I have occasionally attempted to pop into the “popular” Christian market and evaluate or offer some observations about some current trends. For doing so I have been called prickly, accused of “piling on”, or suspected of simple jealousy. As I’ve said before, when I work in this particular mode I think of my job more like a tradesmen. I am an underwater diver or a furnace repairmen. “That piece won’t work there”, or “that tool is the wrong one for the job”, is what I’m trying to say. I am not saying you have no value or are impious! I simply say that you don’t know what you are doing.
These are fighting words, I know. But in many cases, Christian writers who attempt theological accounts of things simply don’t know what they are doing. They don’t know what they don’t know. This means they don’t know what pieces they are working with, what parts are on hand, and how they are usually assembled. This evaluation can be made without any judgment of an individual’s character, intellect, or piety. It is not about any of these things! But it can be an evaluation that still stands.
I need to get on to the laundry now. Perhaps soon I will write about what I wish popular Christian writers and public intellectuals knew.

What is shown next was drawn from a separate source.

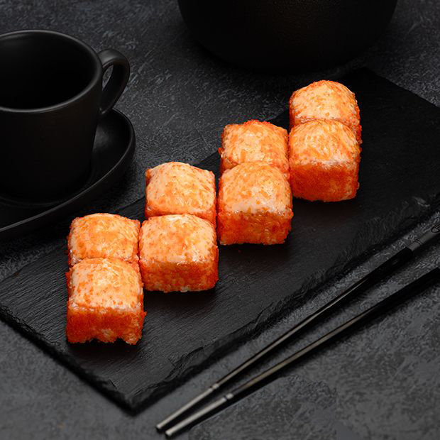 Рис,нори,сыр творожный,краб,сырный соус, икра масаго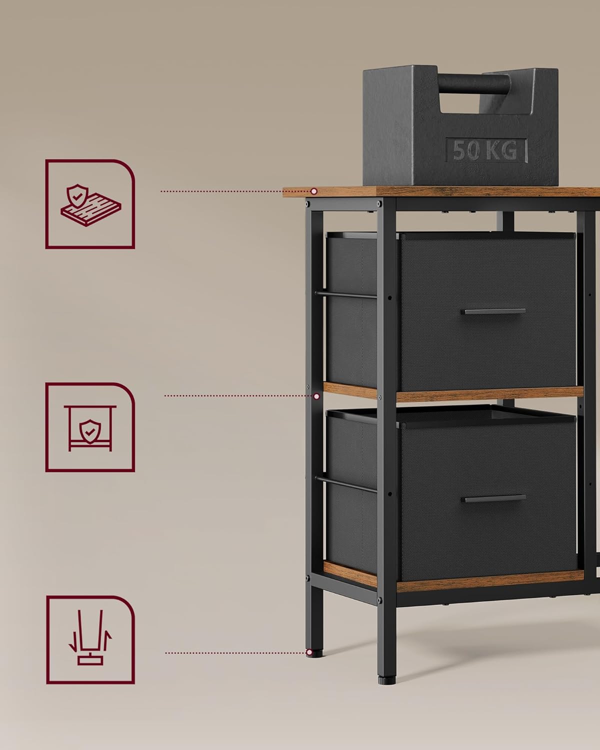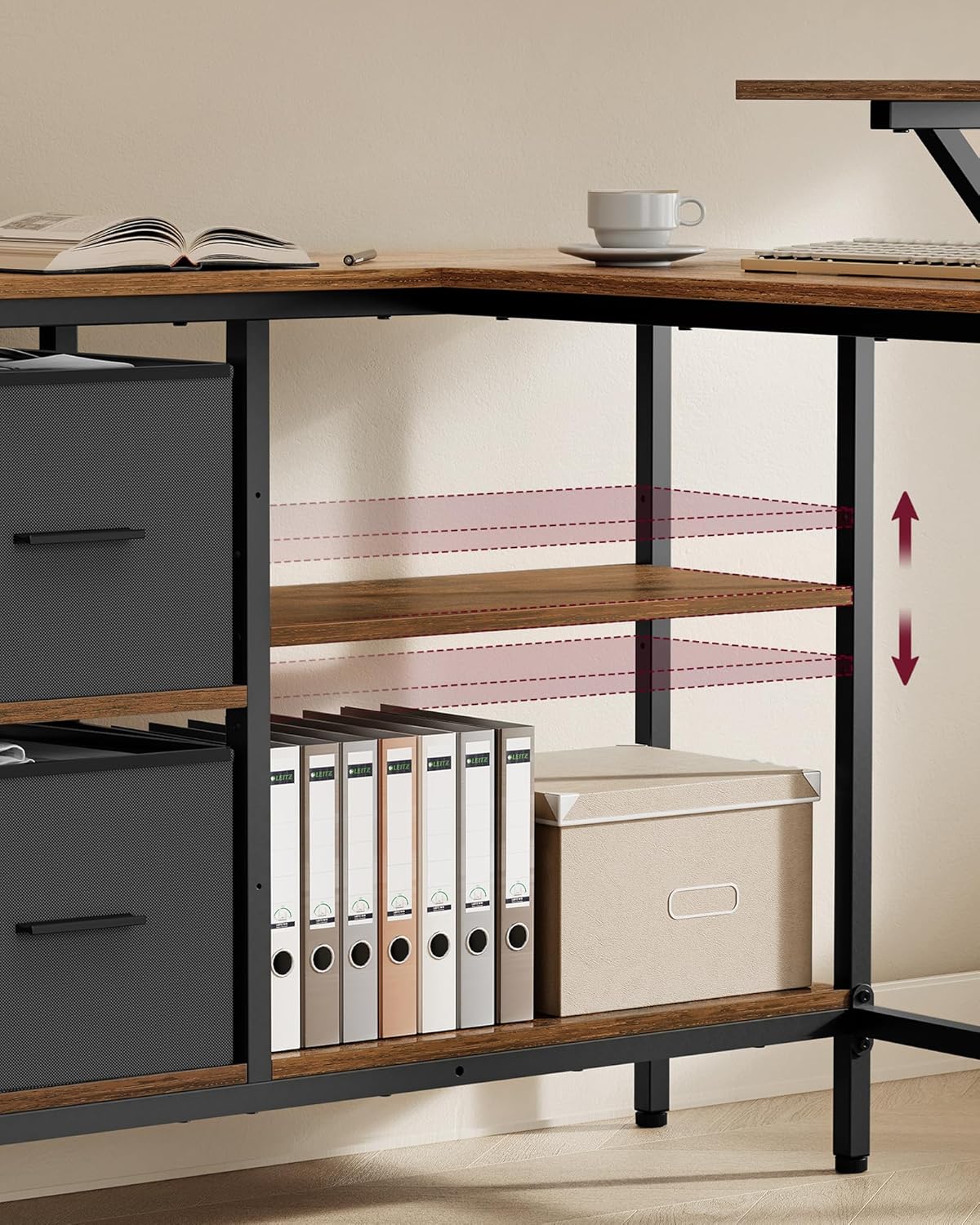 Sto je opremljen sa 2 prostrane fioke za odlaganje, koje nude dovoljno prostora za dokumenta i kancelarijski pribor. Srednja polica je podesiva u 3 visine, tako da je možete prilagoditi svojim potrebama.

fighting words, I’ll explain.
i use male pronouns for God, though I’ve always been taught not to, both for theological reasons and because i’m a contrarian on such matters.
i am almost certain that this is the one line that will receive the most pushback in the comments. its alright, i can take it, but [sigh].
I think I may return to this at a later date, so that we don’t get to far afield.
perhaps I should write these up at some point, as they are largely unarticulated and just instinct.
If you are interested in these sorts of courses, I’m starting to offer theology seminars again, on a very occasional basis. You can contact me for details, if you might be interested in hosting one.
"One of my rules for teaching theology5 is that you should never educate someone out of their mother’s piety."
Big head nod.
There seems to be a tendency in many teachers to prove themselves as unique. I see it in myself. It's bad. That said, there's a place for creating tension in ambiguity, and there's a place for using poetic and provocative language (I know Augustine was accused of going too far on this). But the question is whether it leads to one's own ideas or to ideas and claims far bigger than any one mind.